- Born: November 1, 1966 (age 59) Ithaca, New York, U.S.
- Education: Ithaca High School Cornell University Juilliard School of Music
- Occupation: Actress
- Father: Richard P. Korf

= Mia Korf =

American actress

Mia Korf (born November 1, 1966) is an American actress best known for originating the role of Blair Daimler Buchanan in One Life to Live.
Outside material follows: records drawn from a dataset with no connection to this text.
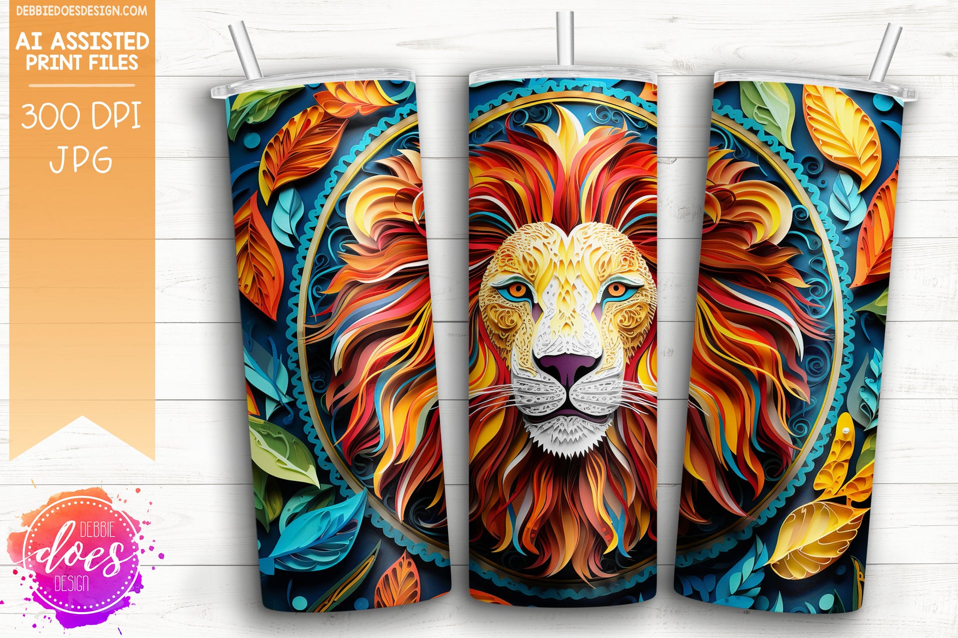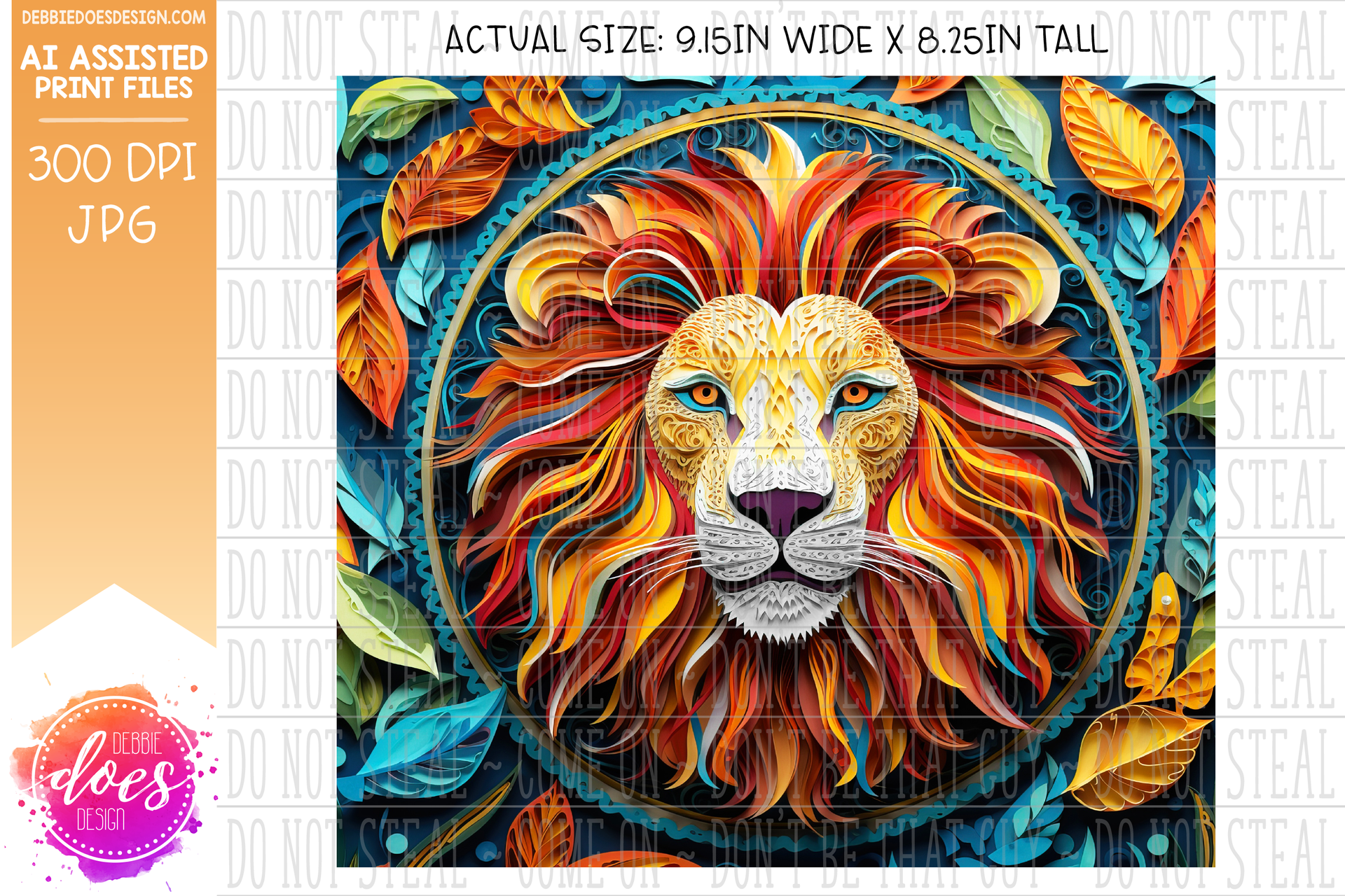 Paper Art - Lion in Circle - Tumbler - Printable/Sublimation Design
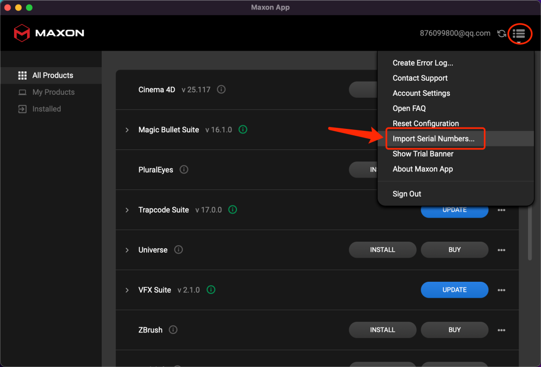 12.账号登陆后会来到这个界面,我们点击右上角的横杆,在弹出的菜单选择如图中的选项,这里就是输入注册码的地方;
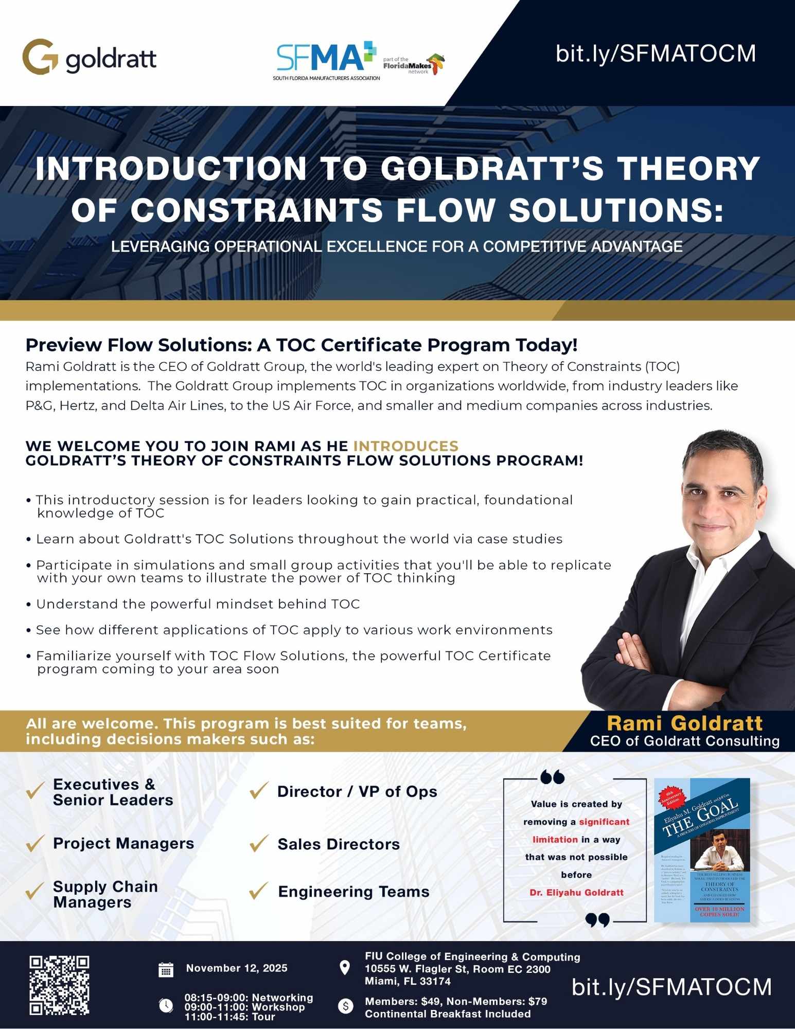 Miami Theory of Constraints Workshop & FIU Cold Spray and Rapid Deposition Lab Tour

==Early life and education==
Born on November 1, 1966, in Ithaca, New York, Korf is the daughter of mycologist Richard P. Korf and Kumiko ("Kumi"), née Tachibana, a fine artist specializing in printmaking. She attended Ithaca High School and Cornell University, as well as Juilliard School of Music. As for how and when Korf first became interested in acting, despite her entry in 1992's The Soap Opera Book: Who's Who in Daytime Drama, which specifically credits Cornell as the birthplace of her "early affinity for stage work," it is evident that such affinity had developed as least as early as March 1982 (during her junior year at Ithaca High), as witnessed by Ithaca Journal coverage of IHS productions of West Side Story and the 1945 Broadway hit, Dark of the Moon.

==Career==
Korf began her career in television in 1990 on the NBC series The Days and Nights of Molly Dodd and the soap opera Loving. The following year, she was cast as the original Blair Cramer on the ABC daytime drama, One Life to Live. The character of Blair had many characteristics in common with Korf, including details about her birthplace, horoscope sign (Scorpio) and hobbies. In early 1993, she left the series to appear in the Broadway stage play Face Value, a farcical musical partly based on the controversies of the broadway musical Miss Saigon, but the play closed after six days of previews and never officially opened.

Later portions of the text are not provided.